All pictures are to be skipped; retype only the lines from the top of the entries through the line with "Navion Oil Tanker at Placerville", both included.

*** Opening of Records provided ***

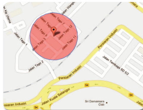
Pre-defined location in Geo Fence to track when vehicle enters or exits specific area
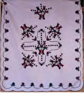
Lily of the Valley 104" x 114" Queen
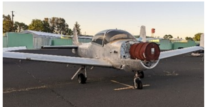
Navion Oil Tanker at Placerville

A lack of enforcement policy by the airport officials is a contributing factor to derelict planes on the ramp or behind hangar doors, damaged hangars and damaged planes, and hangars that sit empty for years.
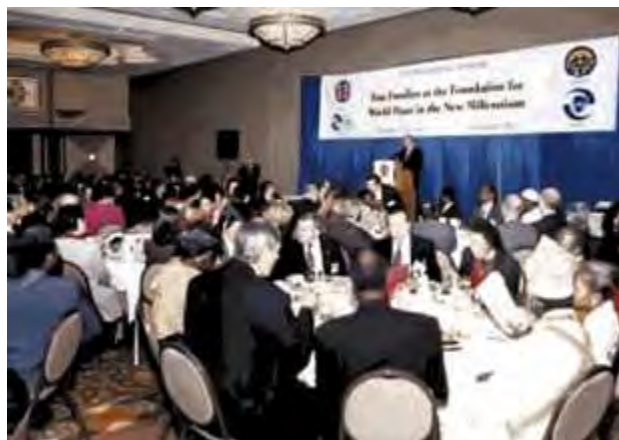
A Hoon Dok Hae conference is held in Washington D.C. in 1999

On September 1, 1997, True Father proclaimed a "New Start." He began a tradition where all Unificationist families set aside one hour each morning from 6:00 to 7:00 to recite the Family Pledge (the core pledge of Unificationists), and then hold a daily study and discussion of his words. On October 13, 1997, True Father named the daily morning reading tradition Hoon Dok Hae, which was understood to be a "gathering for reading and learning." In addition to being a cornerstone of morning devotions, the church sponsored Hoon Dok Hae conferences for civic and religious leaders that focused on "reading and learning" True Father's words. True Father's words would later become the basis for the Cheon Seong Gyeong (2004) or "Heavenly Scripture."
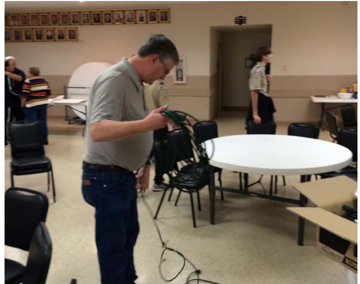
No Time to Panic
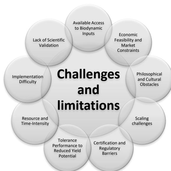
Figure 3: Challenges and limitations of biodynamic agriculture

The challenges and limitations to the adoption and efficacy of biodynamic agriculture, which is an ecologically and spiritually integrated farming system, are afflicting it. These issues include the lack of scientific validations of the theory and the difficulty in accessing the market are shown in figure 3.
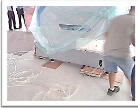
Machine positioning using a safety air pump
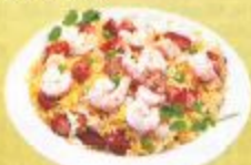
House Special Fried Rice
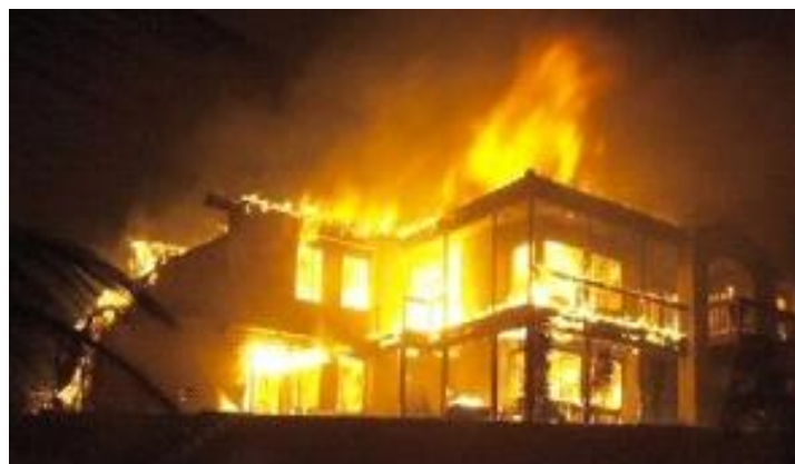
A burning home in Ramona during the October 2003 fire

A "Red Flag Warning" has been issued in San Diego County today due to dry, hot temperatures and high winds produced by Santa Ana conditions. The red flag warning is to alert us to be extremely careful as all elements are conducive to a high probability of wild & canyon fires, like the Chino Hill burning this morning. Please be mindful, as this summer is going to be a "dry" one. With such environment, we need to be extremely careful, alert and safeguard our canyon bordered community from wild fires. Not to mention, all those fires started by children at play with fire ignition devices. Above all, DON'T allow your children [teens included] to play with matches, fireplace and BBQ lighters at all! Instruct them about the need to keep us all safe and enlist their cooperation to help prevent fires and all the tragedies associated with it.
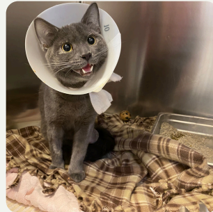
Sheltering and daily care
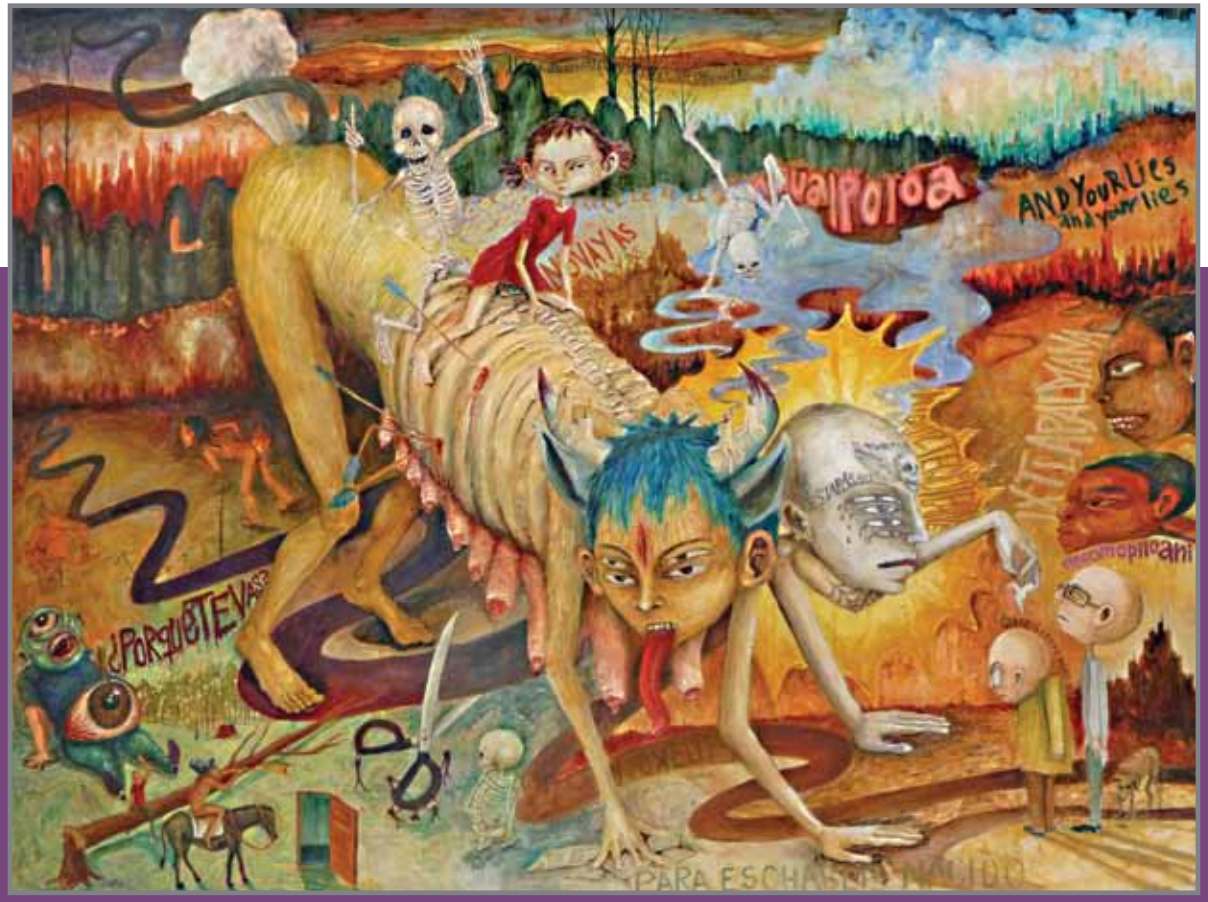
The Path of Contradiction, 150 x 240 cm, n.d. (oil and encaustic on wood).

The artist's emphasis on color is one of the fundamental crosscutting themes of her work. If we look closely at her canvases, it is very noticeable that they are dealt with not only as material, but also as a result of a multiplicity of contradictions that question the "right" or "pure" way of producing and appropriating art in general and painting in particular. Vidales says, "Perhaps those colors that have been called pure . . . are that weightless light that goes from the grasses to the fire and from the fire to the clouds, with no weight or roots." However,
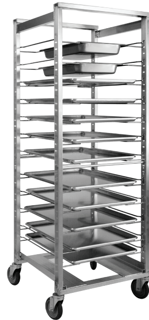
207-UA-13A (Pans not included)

*** Close of Records provided ***

## Solution for this problem:
Pre-defined location in Geo Fence to track when vehicle enters or exits specific area
Lily of the Valley 104" x 114" Queen
Navion Oil Tanker at Placerville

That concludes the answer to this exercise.